In this juncture of my life, it seems this internal battle between my opposing personalities is becoming worse. Since leaving my calling in youth ministry in 2011, I’ve become even more indecisive than usual. On Monday, I’d wake up and think, “I know what I want to be when I grow up! I want to be a marketing consultant!” and I’d spend hours Googling everything about Marketing and Advertising and what I would have to do to pursue such a career. By Thursday, I’d have realized Marketing was not what I wanted to do and move onto the next thing.

My indecisiveness has become a running joke amongst my friends and family and I’ve become notorious for changing my mind at the drop of a hat. I’ve even surprised myself by some of the plans I’ve creatively developed, all in hopes of finding my vocation.

While my lack of direction can be quite humorous, it can also be quite sad. Being a nomad is fun when you know where you’ll eventually end up, but wandering aimlessly through life is no way to spend your days. I’ve craved the constant, steady life of knowing the plan, any plan. Youth ministry was a terrible fit and I struggled through my time in the Lutheran church, but I was at peace with knowing my calling, simply because I felt I had a calling. Since leaving that calling, I’ve become a vagabond of the worst kind.

A few months ago, I stumbled on an article in Relevant Magazine about quitting your job, written by Dan Cumberland, and wandered over to his blog. Dan had made an entire career out of helping people discover their vocation, so I thought I’d take a leap of faith and email him my story. A few days later we were Skyping and began working together.

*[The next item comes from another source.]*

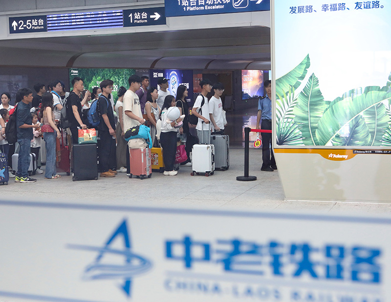 在云南景洪市的中老铁路西双版纳站,旅客有序进入站台乘车(2023年10月5日摄)。新华社发(李云生 摄)

It’s been almost three months since Dan and I first met and slowly God has been opening my eyes to where He’s leading me. I don’t know exactly know what I want to be when I grow up, but I have a hunch it’s back into ministry in some capacity or another. I’ve also made the decision to apply to The Seattle School of Theology & Psychology to learn more about God’s story and how to share it with others.

For the first time in years, my indecisiveness is dissipating and I’m learning more about vocation and God’s plan for my life. Instead of feeling the discomfort of internal struggle, I am learning to be at peace.

“Peace I leave with you; my peace I give you. I do not give to you as the world gives. Do not let your hearts be troubled and do not be afraid.” (John 14:27 NIV).